Em carta à ministra Rosa Weber, Rebeca Mendes fez apelo: “Não quero ser presa e muito menos morrer”.
Grávida de 6 semanas, mãe solo de dois filhos, com emprego temporário, aluguel para pagar e estudando com bolsa do ProUni. Rebeca Mendes da Silva Leite, de 30 anos, teve seu pedido de aborto negado pela ministra Rosa Weber, do STF (Supremo Tribunal Federal), nesta terça-feira (28).
Rebeca recebe R$ 1.250 de um contrato temporário e gasta R$ 600 de aluguel. Em carta à ministra divulgada pelo coletivo feminista Think Olga, a estudante afirma que não terá condições de sustentar mais uma criança.
Rebecca conta que o pai da crianças paga pensão, mas que ela considera que faz também o papel de pai.
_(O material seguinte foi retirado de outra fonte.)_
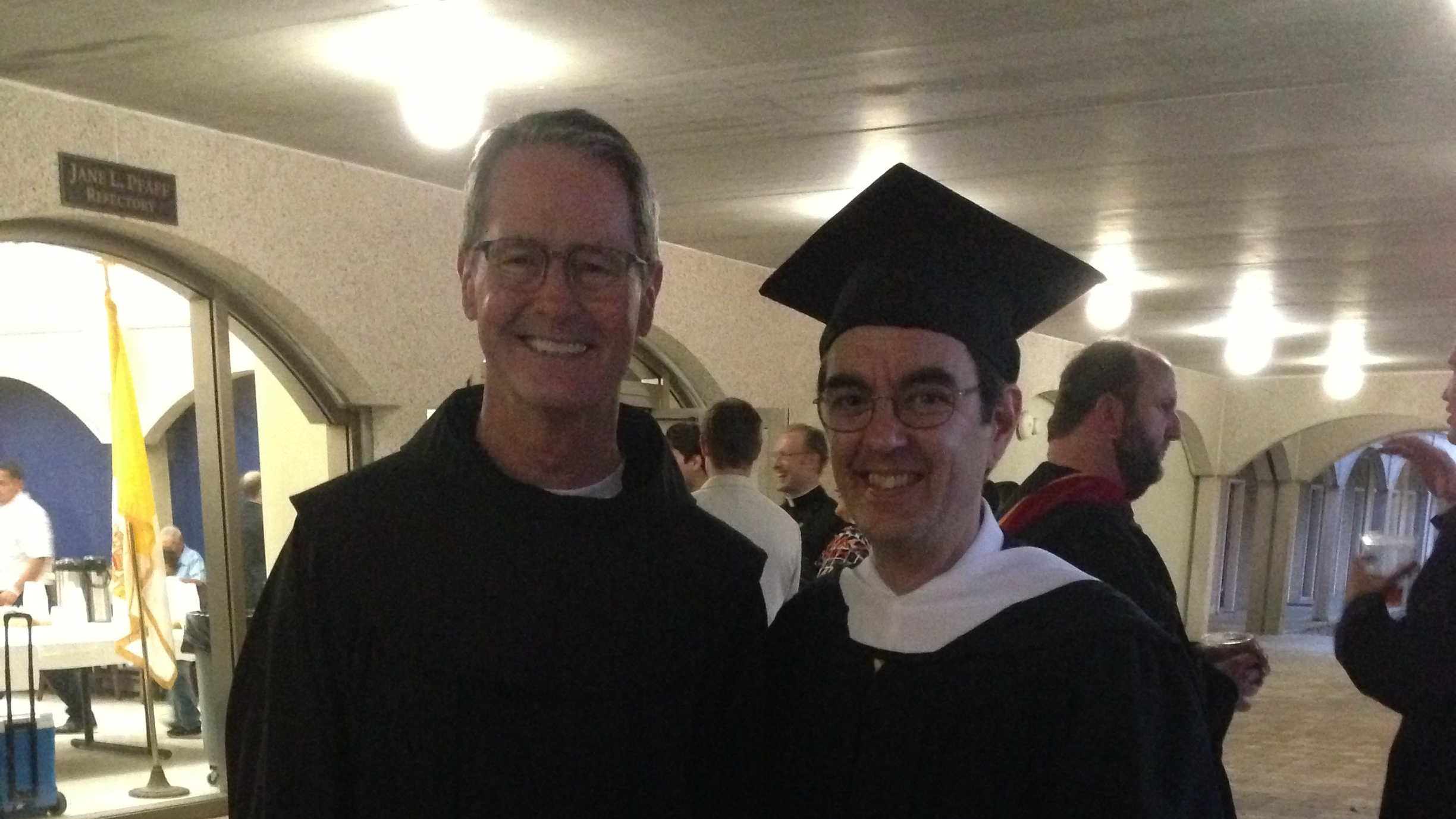 Photo: With Fr. Bill Burton, ofm, 2013 graduation from St Vincent de Paul Seminary. Fr. Bill was one of the guides there that helped me to shed some of my old skin, so to better receive the new wine of the Gospel!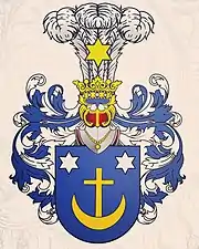 Azure, fitchée cross over a crescent, between two stars. On a crowned helmet, three ostrich feathers, charged with a star.[1]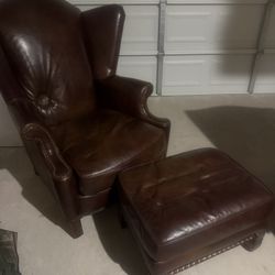 Beautiful Brown Leather Wing Back Chair With Foot Stool . So Comfortable $300Fairview, TX
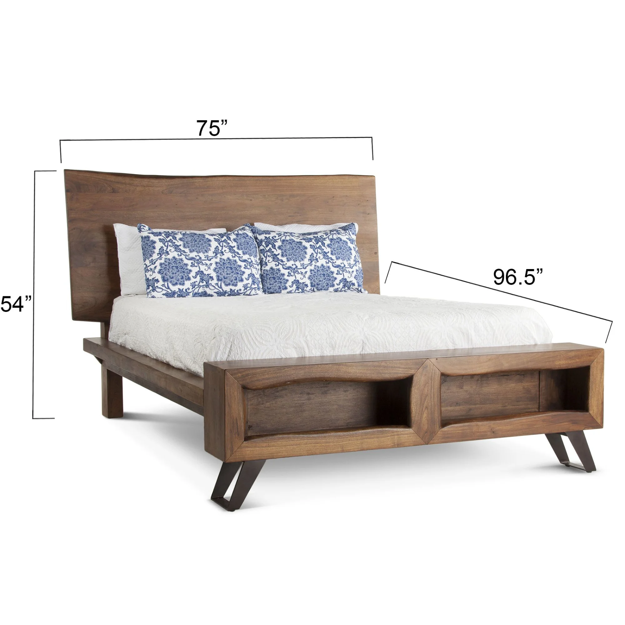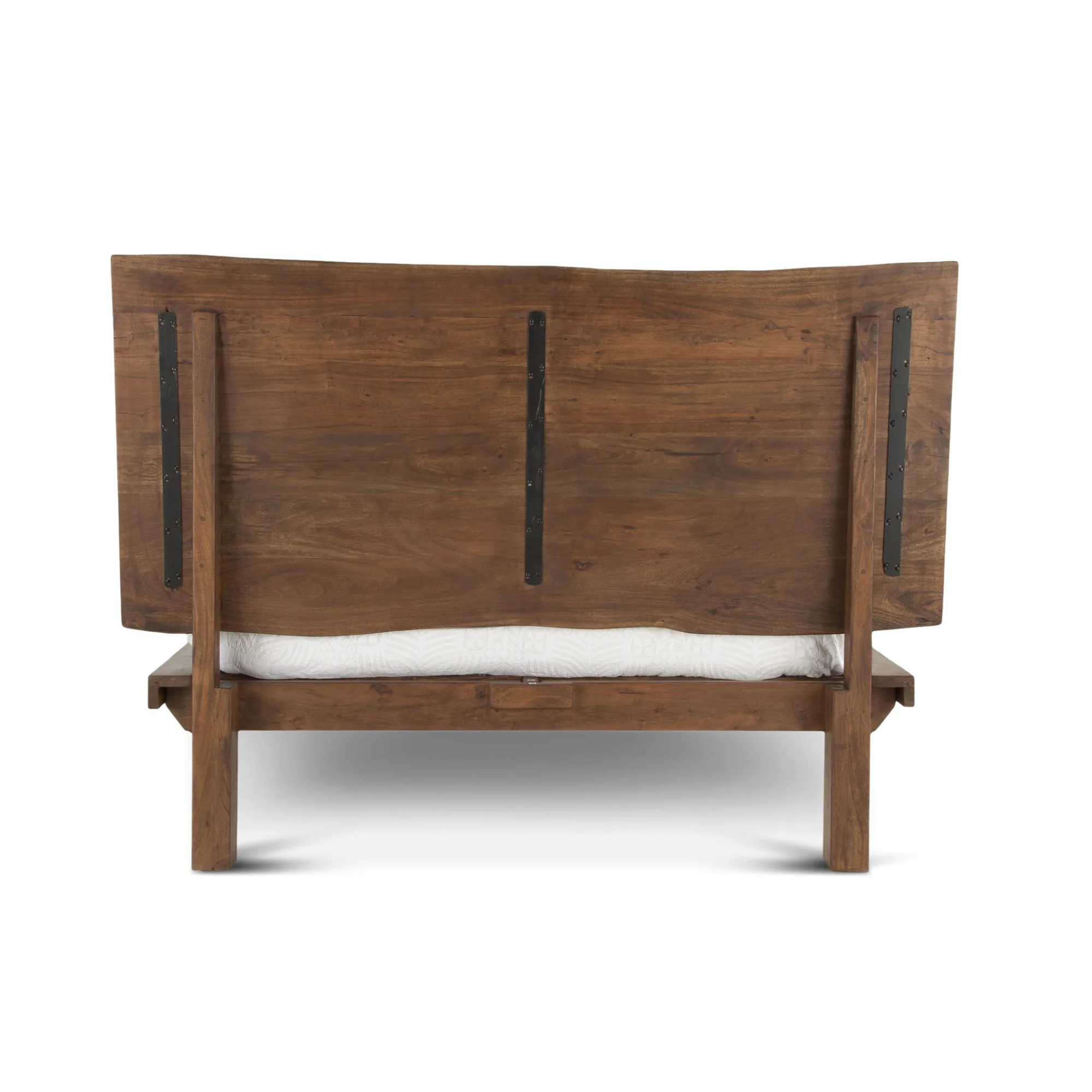 The London Loft Queen Bed blends the organic beauty of Acacia wood with sleek industrial design. Crafted from thick slabs of solid wood, the headboard and footboard feature natural live edge detailing that highlights the unique grain and texture of each piece. The footboard includes open display shelving with sculpted live edge framing—perfect for storing and showcasing decor or essentials. Angled iron legs add a modern contrast and visual lightness, while solid wood slats provide lasting support.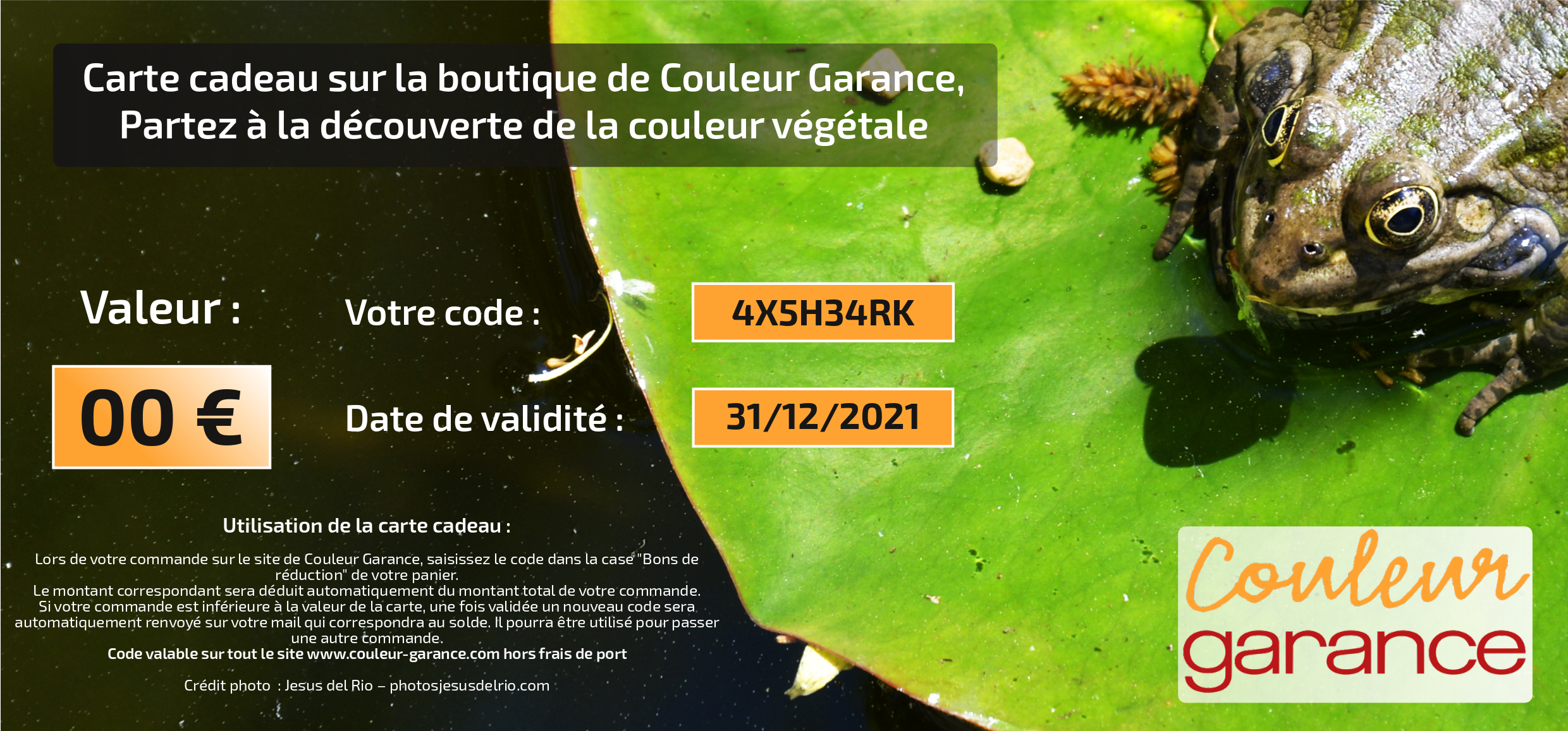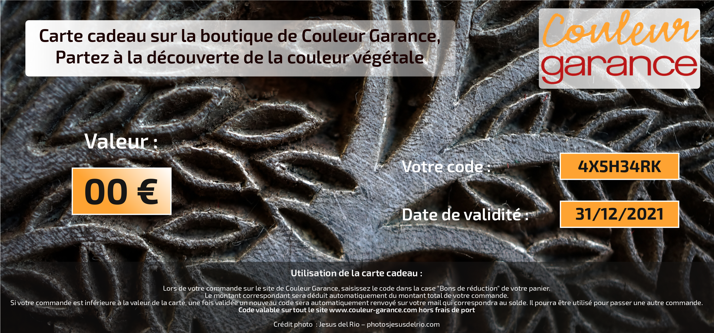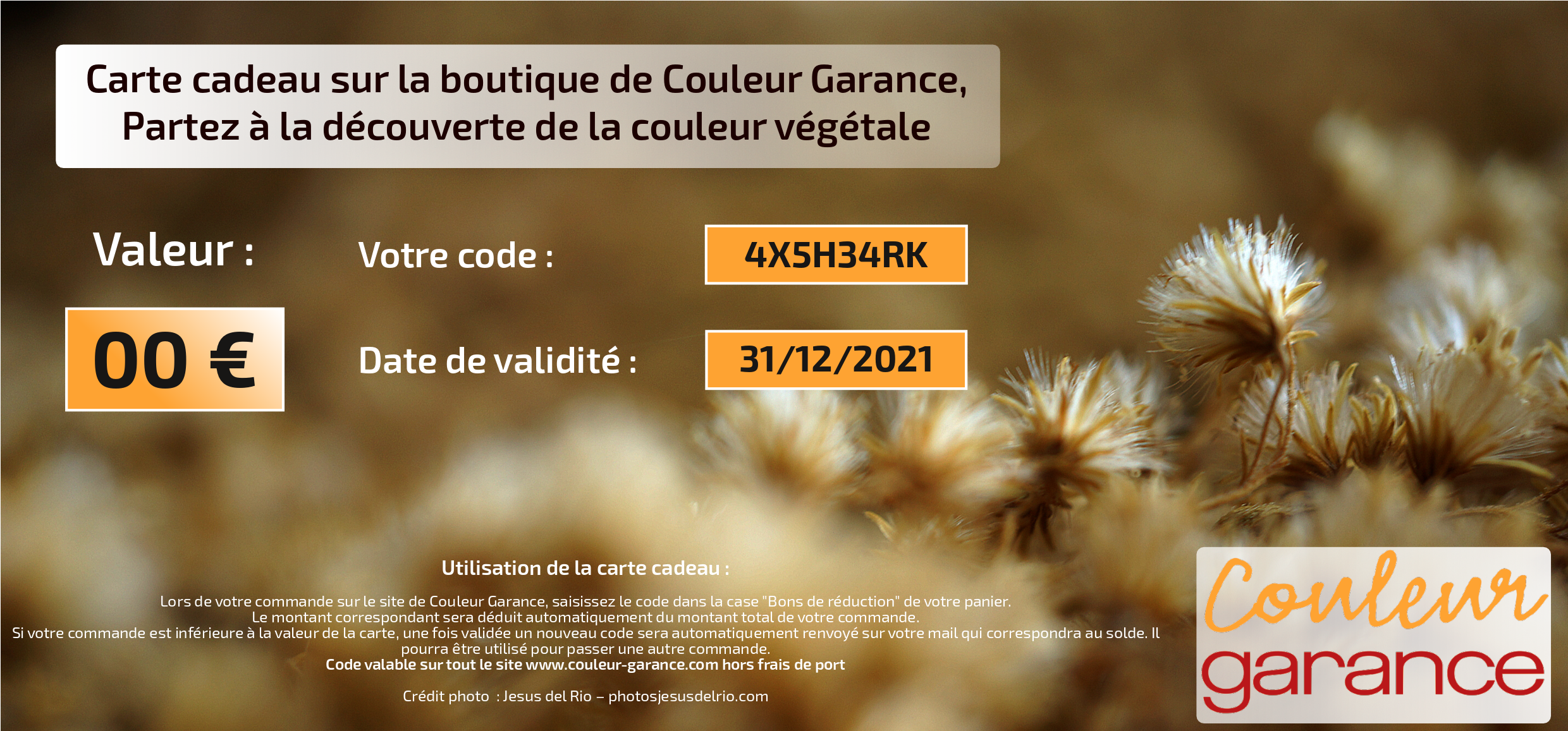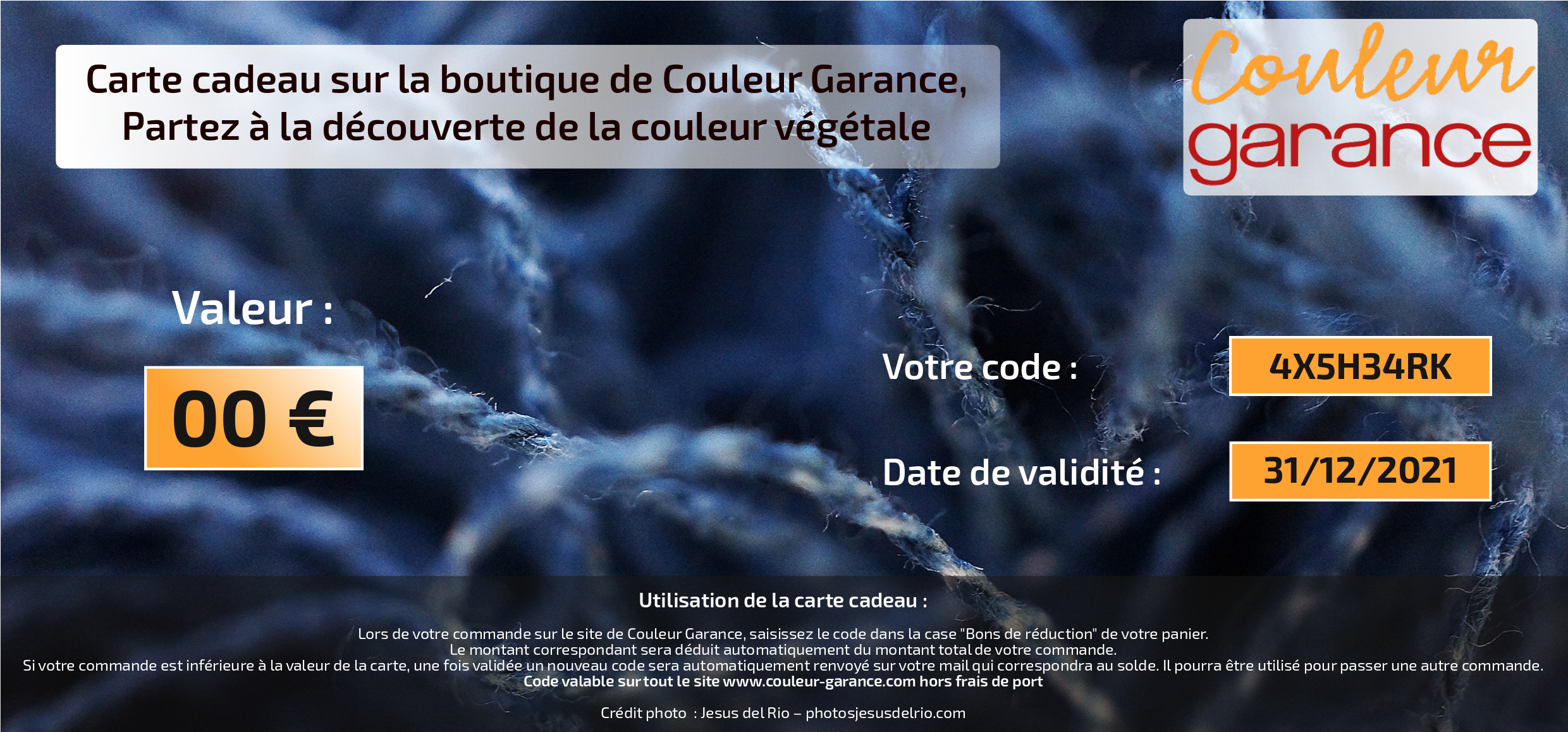 Elles peuvent être utilisées en une ou plusieurs fois à hauteur totale de leur montant, valable sur tout le site Internet www.couleur-garance.com, y compris sur les promotions, offres spéciales, soldes… pendant 1 an à compter de sa date d’émission.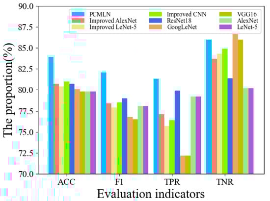 In order to further validate the classification performance and reliability of the PCMLN model, we selected five classical lightweight convolutional neural networks and three CNNs used for infrasound classification as comparators. These include LeNet-5, AlexNet, VGG16, GoogLeNet, ResNet18, improved CNN, improved LeNet-5, and improved AlexNet []. The convolution layers of classical lightweight CNNs are all within 18 layers, and CNNs suitable for infrasound classification are all improvements made on the LeNet-5 and AlexNet networks, respectively. Additionally, in order to conduct the training and testing of the data in this study, we converted all two-dimensional convolution kernels to one-dimensional ones.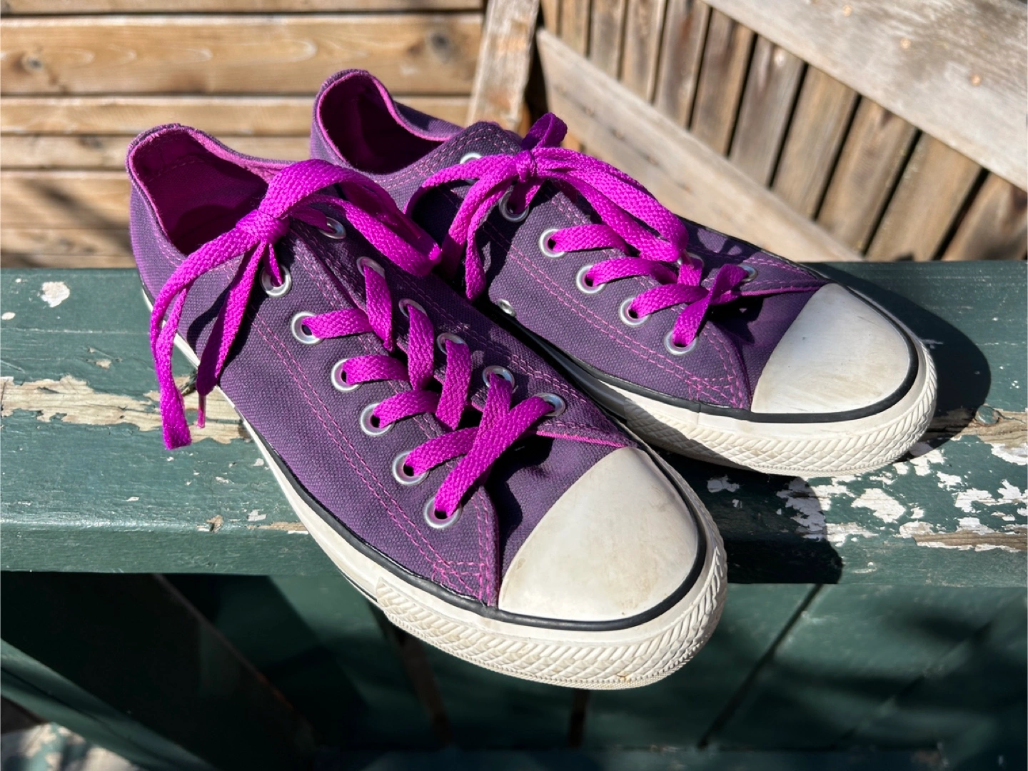 Selling a pair of Converse All Star low top sneakers! They're in a lovely purple colour with matching purple laces, but I'll also include a pair of white laces if you want to switch it up. The size is women's US 8 / UK 6 / EUR 39 / 24.5 cm. They're in good condition, ready for a new home!

O lema dessa pessoa que se considera pai dos mais filhos é: “eu já pago pensão”. Isso é o que eu escuto basicamente, em qualquer situação, desde chegar da faculdade às 23 horas e perceber que um deles está com febre alta e ligar e pedir que nos leve até o hospital, pois ele tem carro e eu não, e a resposta que eu tenho é: “Eu não pago pensão? Chama o Uber e leva você”. Dentre outros absurdos que não vem ao caso.
A estudante fazia uso de contraceptivo injetável a cada três meses, mas após seis anos de uso, “ganhou peso e desenvolveu mal-estar circulatório”. Em setembro, procurou o serviço público de saúde e foi agendada uma ultrassonografia para dezembro, para avaliar se ela podeira usar o dispositivo intrauterino (DIU) de cobre. Nesse intervalo, tela teve uma única relação sexual com o ex-marido e engravidou.
O risco do aborto ilegal
Na carta, Rebecca conta que por medo de riscos à saúde e de ser presa, não quer tentar um aborto ilegal. “O medo do procedimento não funcionar e acarretar má-formação ou o remédio causar uma hemorragia causando a minha morte e, ser levada para um hospital e chegando lá ser levada para delegacia. Não quero ser presa e muito menos morrer. Não parece ser justo comigo. Não estou grávida de 4 ou 5 meses, estou grávida de dias apenas”, afirma.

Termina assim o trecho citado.